Writer and Dad of the Internet, Clint Edwards, went viral recently for his real take on parenthood. As the author behind the hilarious book on parenting, This is Why We Can’t Have Nice Things, and the blog No Idea What I’m Doing, Edwards is known for his humor and heartfelt parenting stories that we can all relate to — and his recent Facebook confession was no different.
In it, Edwards describes a story we’ve all lived through — the tale of the epic toddler meltdown. In public. Edwards’ 2-year-old daughter had been misbehaving in a restaurant because, as he writes, “Mom wouldn’t let her throw chicken strips.” So she reacted as many toddlers would: “She screamed and screamed, and kicked and kicked, and since I was the only one finished with my meal, I had the pleasure of dragging her out of Red Robin,” wrote Edwards.
Edwards goes on to say that he noticed the irritated glares of nearby childless patrons, whose faces appeared to be contorted in that If you can’t control your kid, then don’t go out expression. Once he had his child safely restrained in her car seat, he snapped an exhausted selfie and penned his now-viral post, which has since been shared almost 130,000 times.
As a former waiter who worked in restaurants for years to pay his way through college, Edwards recalls being annoyed with __parents and kids years ago. Clint tells Babble he wishes he could go back and say to his former self, “Listen, dude. This is what we are up against.”
And he also wishes to address those who gave him and his toddler dirty looks. “No, I can’t control her,” he writes in his post. “Not all the time. Not yet. She’s two and it’s going to take years to teach her how to act appropriately in public.”

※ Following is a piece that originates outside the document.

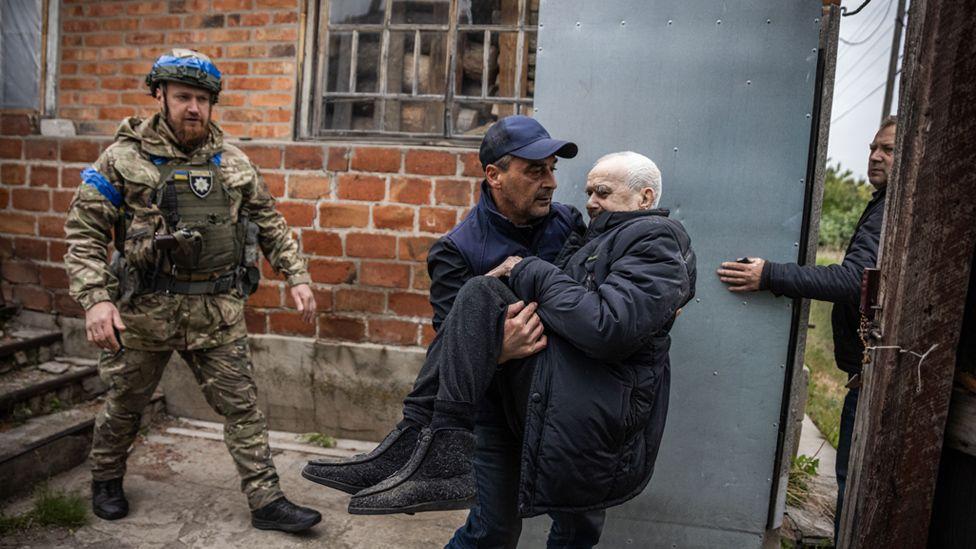 فر آلاف المدنيين غربًا في الأيام الأخيرة باتجاه مدينة خاركيف، ثاني أكبر مدينة في أوكرانيا، بما في ذلك من بلدة فوفشانسك، التي تقع على بعد 74 كيلومترًا (45 ميلاً).

The reason Clint’s words resonate so deeply with his readers is because he tells the truth. There are days his kids irritate him, challenge his patience, and frankly, make him long for his pre-fatherhood days. But there are far more days he sees their joy and feels a bond with them as he and his wife raise them up to be good humans.

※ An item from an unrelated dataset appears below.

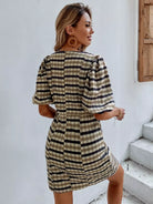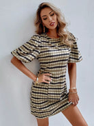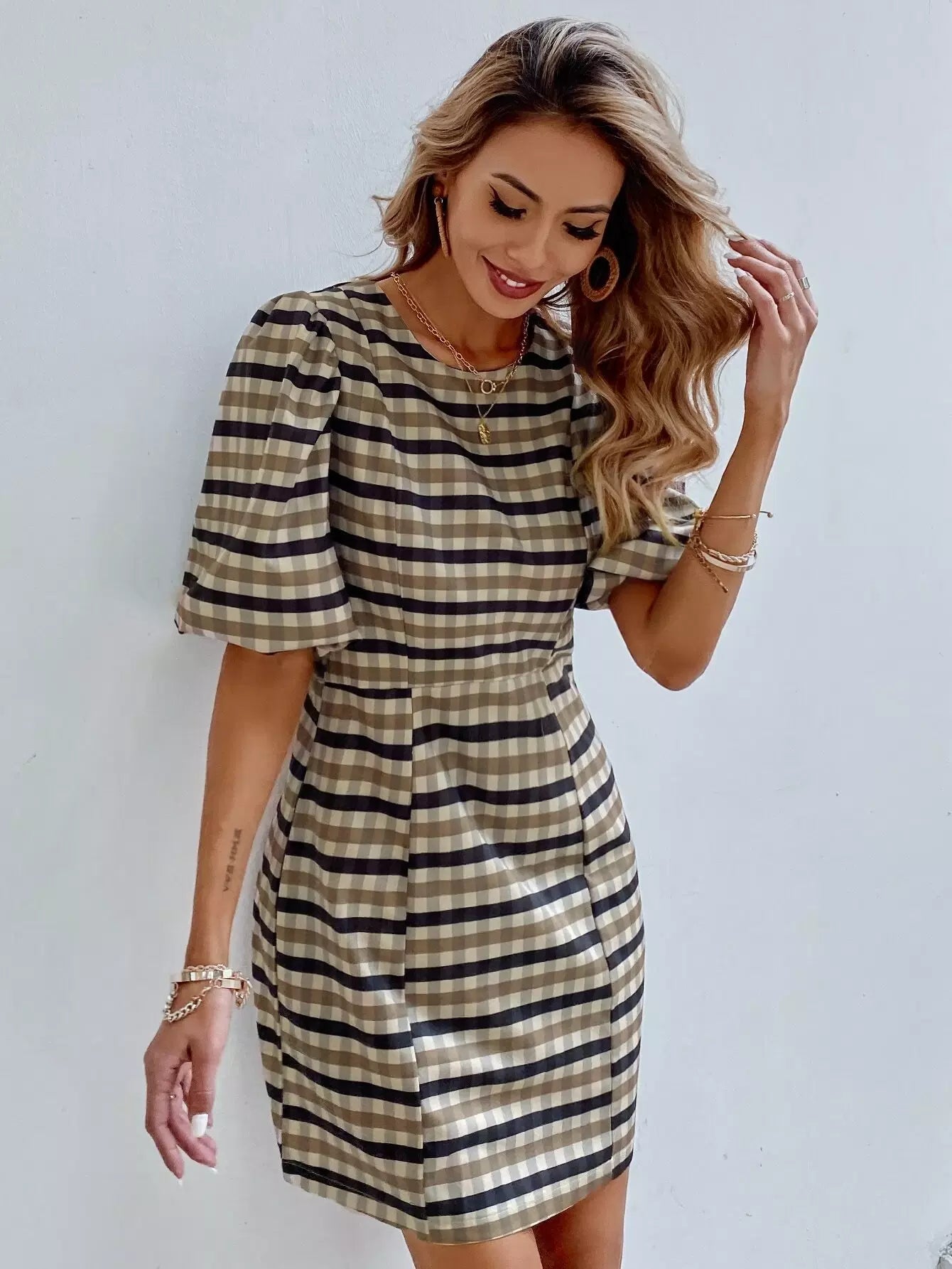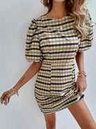 Plaid Bishop Sleeve Fitted Dress Without Belt

But, raising good humans takes work. The lessons we must teach our kids “take patience, hard work, and real world experiences,” Edwards says. We can’t teach them how to behave in restaurants if we don’t take them to restaurants. He says to those annoyed patrons at Red Robin that what they are seeing is “not bad parenting, but rather, a parent working hard to fix the situation.”

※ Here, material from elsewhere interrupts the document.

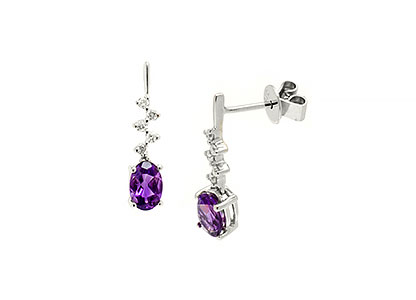 9ct White Gold Diamond & Amethyst Drop Earrings Ed00629

Edwards tells Babble he’s surprised that his post has gone viral, as it was just a story we’ve all experienced. A story penned on his phone, while sitting in his mini-van. But maybe that’s why it’s been so widely shared. How many of us have been there, sitting in our mini-vans, with an angry child screaming in the backseat, unsure of our parenting but doing the best we can?
Clint ends his post with, “You are looking at what it takes to turn a child into a person.” He’s a dad putting in the work so that the person she turns into will be kind and respectful and compassionate to others when they are working hard to parent their kids.
“In these moments, it feels like it’s us against them,” Edwards tells Babble. But when he sees how many fellow __parents appreciate his post, he adds, “It’s good to know I’m not the only parent with a crazy 2-year-old in a restaurant.”
No, Clint, you’re certainly aren’t the only one. And thank you for helping us know we aren’t either.